Telomere length is zero

[kacyng92]

Hi, I've been using Telomerecat to run some WGS data, and for some samples, the returned length estimated is 0. When compared with successful runs for other samples, I noticed that if F2c value is negative, the output will be 0. Based on my understanding, F2c is the difference between F2 and F4 read (F2 - F4), and a negative F2c means the amount of non-telomeric boundary sequence (F4) is more than telomeric boundary sequence (F2). Is it possible that F1 is positive and F2 negative? And how should I troubleshoot this issue? Thank you very much! Your help is greatly appreciated. Regards,

[PedalheadPHX]

Just found this tool as I was reading (Moore, L., Cagan, A., Coorens, T.H.H. et al. The mutational landscape of human somatic and germline cells. Nature (2021). https://doi.org/10.1038/s41586-021-03822-). But they have an odd comment in the paper but no justification "For samples that were sequenced using the NovaSeq sequencing platform, the results using Telomerecat were occasionally implausible (such as telomere length estimates of 0 bp)."

So is this NovaSeq data?

[tibutler]

The issues seems specific to the ends of novaseq reads. Using the -t 75 option seems to fix this to some degree. It will only use the first 75 bp of a read, thereby removing the ends of the reads which have an excess of "G's" which seems to be the issue. Using this same option on X10 data slightly shortens the telomere length estimates, but allows for comparison between samples sequenced on different platforms.

[PedalheadPHX]

I'd assume this correlates with the estimated insert size as the excess G usually reflects when a sequencing read as crossed the insert and the adaptor on the other side so there is no DNA template, which then produces no signal but on the 2-color Illumina systems is considered a G.

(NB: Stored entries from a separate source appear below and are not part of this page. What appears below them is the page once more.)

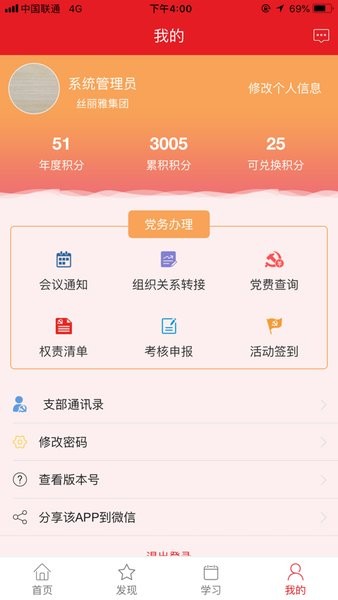 丝丽雅智慧党建app作为集团内部的党建软件,可以查看最新的党建动态,能够进行各种党务的办理,支持查党费,可以进行考核申报,能查看年度以及累计积分,可兑换的积分能够兑换商品,可以学习视频课程,支持在线参与答题闯关和考试。
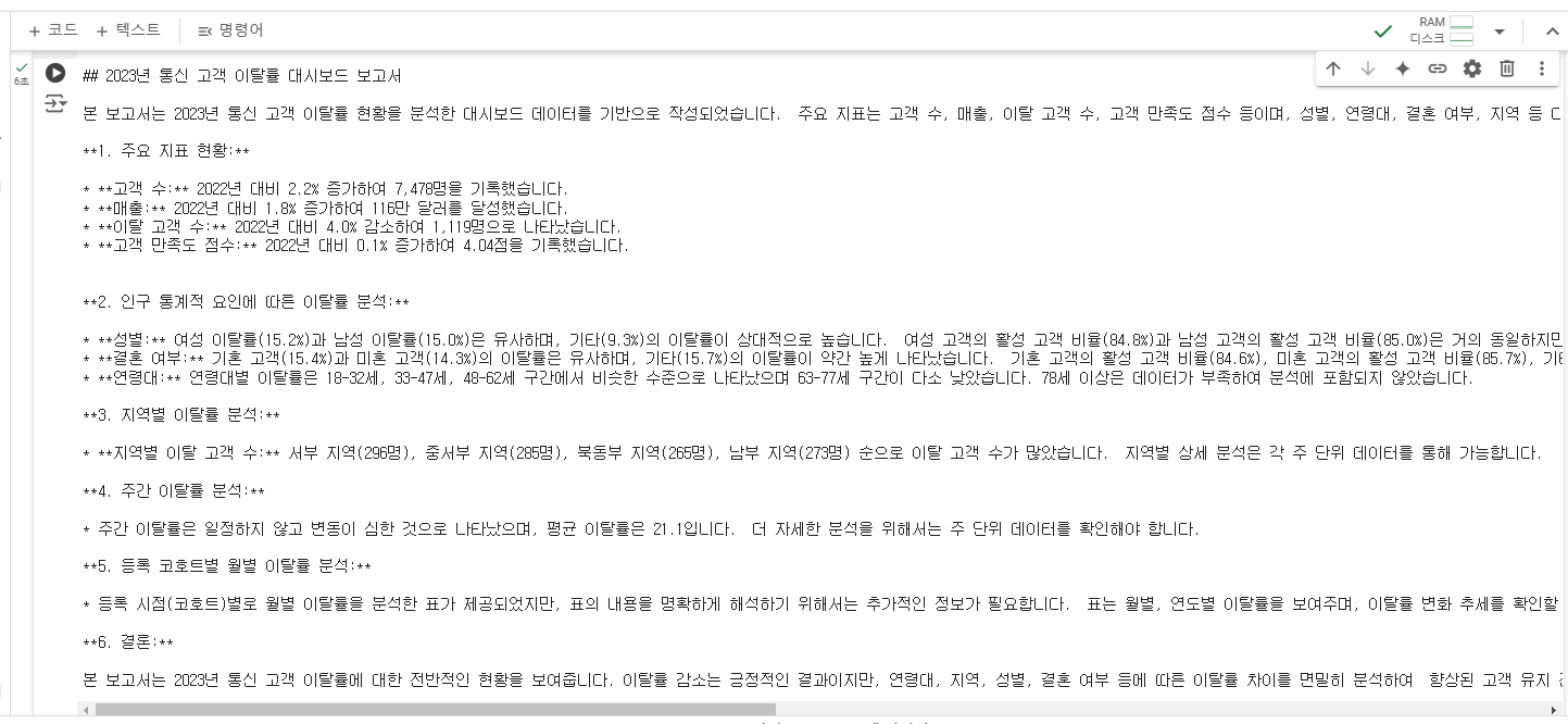 prompt = """이 대시보드에 있는 차트를 확인하고 주요 내용을 요약해서 레포트 형식으로 작성해줘.
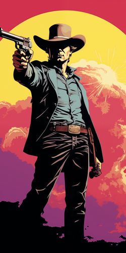 Plakat z serii pop art zatytułowany Strzelec z Epoki. Ten plakat przedstawia postać klasycznego kowboja w akcie wystrzału, z tłem wschodzącego słońca, które rozświetla scenę w ciepłych odcieniach czerwieni i pomarańczy. Silny kontrast i zdecydowane linie wydobywają charakterystyczne cechy postaci, od kapelusza po detale na szelkach i pasie. Plakat ten jest hołdem dla kultury westernów i bezkresnych amerykańskich przestrzeni, idealny dla miłośników historii i kinematografii, a także jako wyrazisty element dekoracyjny w miejscach takich jak domy, bary tematyczne lub sale kinowe.

Otherwise maybe this is a NovaSeq specific error profile from the telomere repeat sequence.

[tibutler]

If you run fastqc on the resulting telbam files for X10 vs Novaseq data, you can see a clear increase in proportion of Gs after cycle 100 or so, but only in the Novaseq data. Which I agree is a 2-colour issue.

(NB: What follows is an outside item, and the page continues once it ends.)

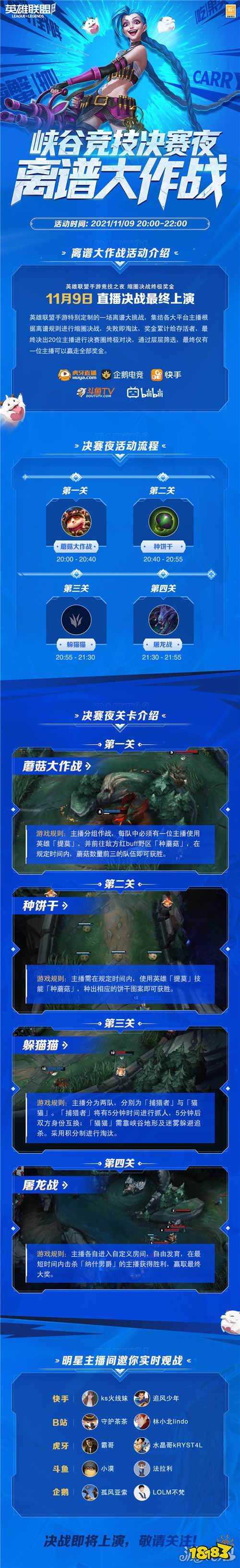 特别定制的一场离谱大挑战,决赛夜会将集结各大平台主播。来看看lol手游竞技决赛夜离谱大作战,直播决战最终上演。

we also found using the -e option on a per-sequencing run basis also helped normalise between samples. That is, group samples run in the same batch, then use -e when generating the length estimate.

[PedalheadPHX]

Must admit I had not caught that increase in Gs, just reviewed one of our most recent runs and what I'm noticing is the increase in Gs is most notable in R2 than R1, so it must reflect some deterioration of the signal intensity on R2 after turn around

R1:

R2:

[kacyng92]

Thank you for your reply; I am playing around with the -t option to see how the effect of excess G can be lessened

[kacyng92]

"For samples that were sequenced using the NovaSeq sequencing platform, the results using Telomerecat were occasionally implausible (such as telomere length estimates of 0 bp)."

Yes, I have both HiSeq and NovaSeq data.